Wenn ich einen Text fertig geschrieben habe, weiss ich: Jetzt kommt die Phase der Grausamkeit. Ich muss alles radikal kritisch durchlesen. Und vieles streichen. Der Prunk und die Verzierungen müssen weg. Die Füllwörter, die ich immer wieder verwende. Ausgefallene Formulierungen, die ich besonders kreativ fand. Nur so wird aus einem Text hoffentlich ein guter Text.

«In writing, you must kill all your darlings» ist eine alte Schreib-Regel. Woher der Spruch kommt, weiss niemand. Er wurde so verschiedenen Männern (und nie Frauen) wie Allen Ginsberg, William Faulkner, Oscar Wilde und Anton Tschechow zugeschrieben. Belegt ist jedenfalls Stephen Kings Ausspruch «Kill your darlings, kill your darlings, even when it breaks your egocentric little scribbler’s heart, kill your darlings» (in: On Writing, A Memoir of the Craft, Scribner: New York 2000, S. 222).

Dass Stephen King das Wort «kill» exzessiv verwendet, überrascht nicht. Aber hat er recht? Warum soll man seine Lieblinge aus Texten und Reden verbannen? Ganz einfach: Weil die eigenen Lieblinge oft nicht so toll sind, wie man selbst denkt. Liebhabereien muss man anderen nicht aufdrängen.

Für mich bleibt es schwierig, das alleine umzusetzen: Einige meiner Lieblinge kenne ich mittlerweile gut und habe akzeptiert, dass sie stören. Einfache Wörter wie «hingegen» und «auch», die es schon braucht, aber nicht so oft, wie ich meine.

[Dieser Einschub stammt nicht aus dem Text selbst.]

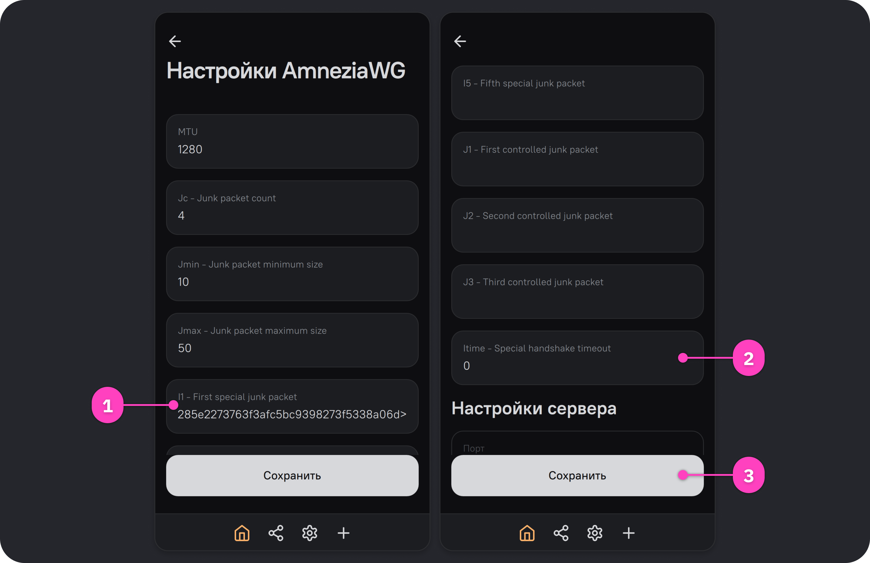 Если на сервере установлен протокол AmneziaWG 2.0, изменить параметры I1–I5 можно сразу на стороне сервера. В результате любое устройство, для которого будет создана VPN-конфигурация, будет подключаться к VPN с серверными настройками протокола. Если по какой-либо причине внести изменения потребуется именно в клиентские настройки подключения, это также можно сделать.
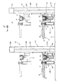 - the first and third guide rails 21 and 121 are provided so as to be arranged on the second and fourth support plates 22b and 122b via brackets 21a and 121a fixed on the gantry 9, respectively.
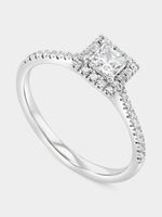 Expertly crafted in 9ct White Gold, this radiant ring features a princess-cut Lab Grown Diamond embraced by a halo of single-cut stones that sparkle on the band. The total Diamond weight is 0.53 carats.
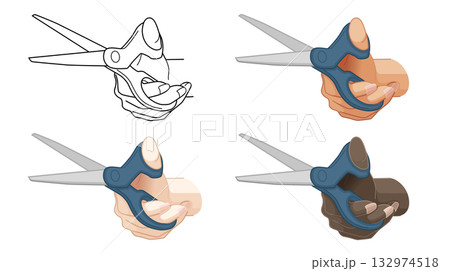 ハサミを持つ手のモノクロ線画と黄色人種、白人、黒人がハサミを持つ手のバリエーション
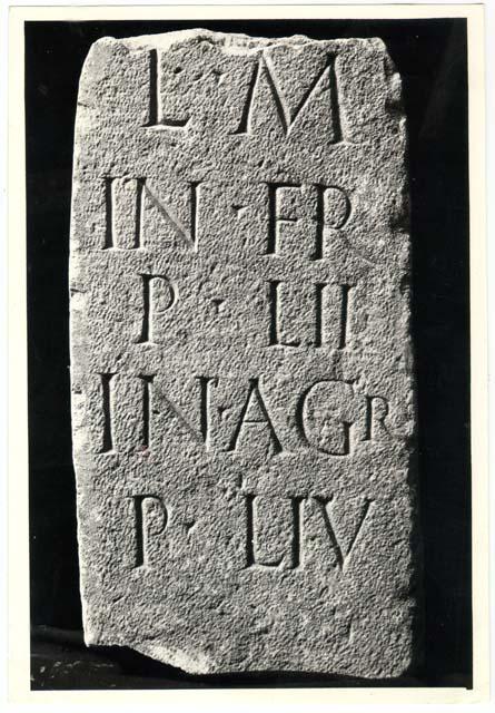 supporto primario, verso: 4622/76/ 5 . 963 6 6/ Terzo di Aq./ casa Prister/ Cm. 55x29.5x13 spess. Aurisina/ alt. lettere cm. 7.8; 6.3; 5.8; 6.5; 6.2
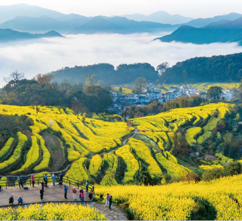皖浙赣三省交界、五县(市)接壤赋予了婺源特殊的文化、地理和人文风貌——漫山金黄色的花海、白墙黛瓦间的烟火气、沧桑古朴的小桥流水人家……“向往的生活”在这里走进了现实,再完美的调色盘都画不出如此的惬意,“江浙沪包邮区”乃至全国各地的游客慕名前来一解乡愁。
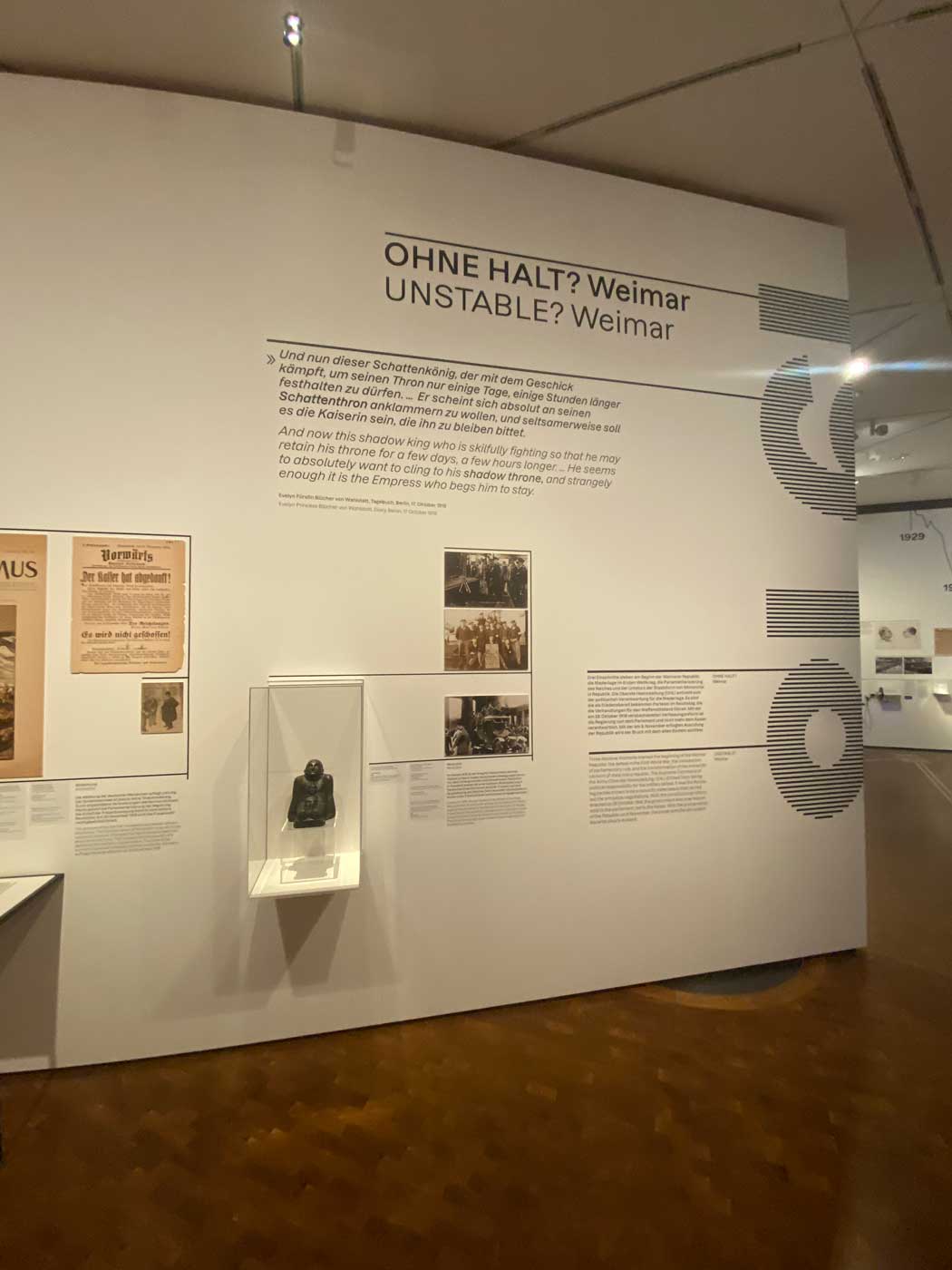 Ook het ontstaan van de republiek van Weimar komt aan bod. Na de nederlaag van Duitsland in de Eerste Wereldoorlog werd het land een parlementaire republiek en verdween de keizer. Het leger onttrok zich aan de verantwoordelijkheid voor de gevoerde oorlog. Door een verandering van de grondwet was vanaf 28 oktober 1918 de regering voortaan verantwoording schuldig aan het parlement en niet meer aan de keizer.
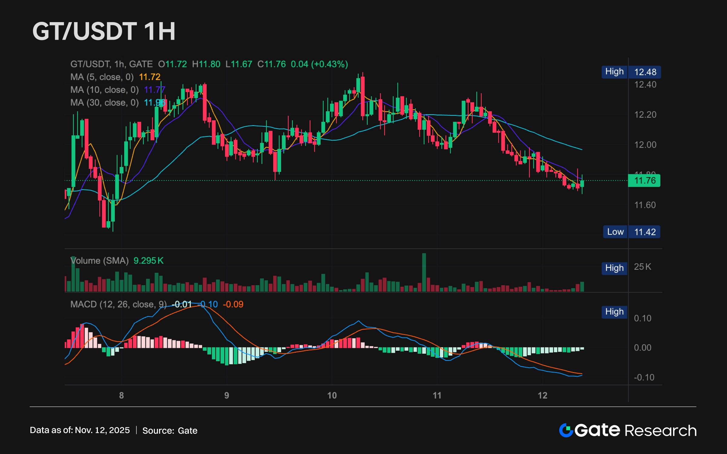 GT(+0.43% 丨 текущая цена 11.76 USDT)
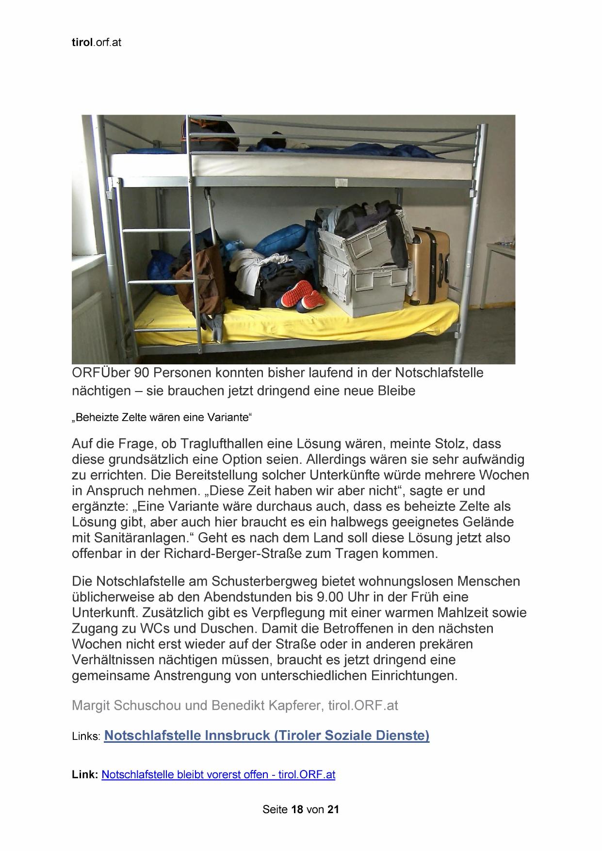 Links: Notschlafstelle Innsbruck (Tiroler Soziale Dienste)
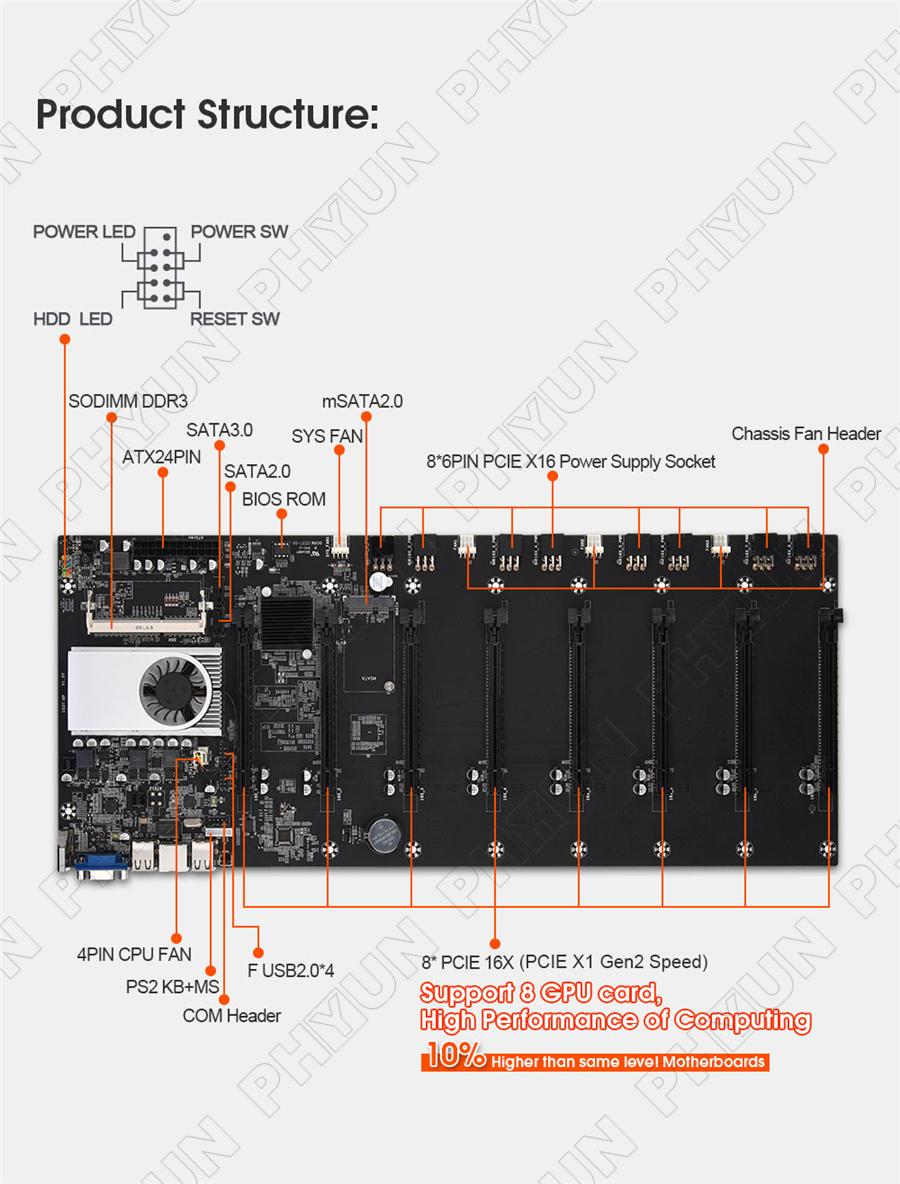 This product is a mining machine motherboard CPU set,low power consumption, less heat generation, energy saving and safe use

Dazu habe ich eine Schwäche für «absurd» und «skurril», auch dort, wo es nur sonderbar wirkt. Ich wandle mit diebischer Freude Zitate ab, wie zum Beispiel im letzten Blog, wo ich richtig originell schrieb «Leben lassen und leben» statt «Leben und leben lassen». Das war aber, merke ich jetzt, nicht originell, sondern verwirrend. Und in diesem Blog muss ich aufpassen, dass ich nicht eine barocke Brücke von «leben lassen» zu «kill your darlings» baue.

Die eigenen Marotten selbst zu erkennen, ist schwierig genug. Viel besser können es andere. Wohlwollende kritische Leserinnen und Leser. Sie stolpern über neue Wortkreationen und Schrulliges. Ich lasse deshalb jeden wichtigen Text von einer Person meines Vertrauens durchlesen. Sie zeigt dann fast immer auf eine mir besonders liebe Formulierung: «Kannst Du das nicht einfacher formulieren?». So ging es mir beim Lektorat zu In die Politik gehen und so geht es mir bei jedem Blogbeitrag und jedem Redemanuskript. Meistens (ok: nahezu immer) muss ich die Hinweise akzeptieren, manchmal halt murrend. Einfacher ist besser. Wenn ein Gedanke gut ist, braucht er keine originelle Formulierung.

Nachtrag: Noch ein Beispiel: Die oben angedeutete Brücke, muss die wirklich barock sein? — Und: Ist «Kill your darlings» zu hart formuliert? Formulierungen tötet man nicht, man kann sie einfach streichen. Fairer Punkt. Eine Anleitung wie «Choose your words carefully» wäre weniger mörderisch. Nur vergisst man so blutleere Belehrungen sofort wieder. Stephen King weiss das.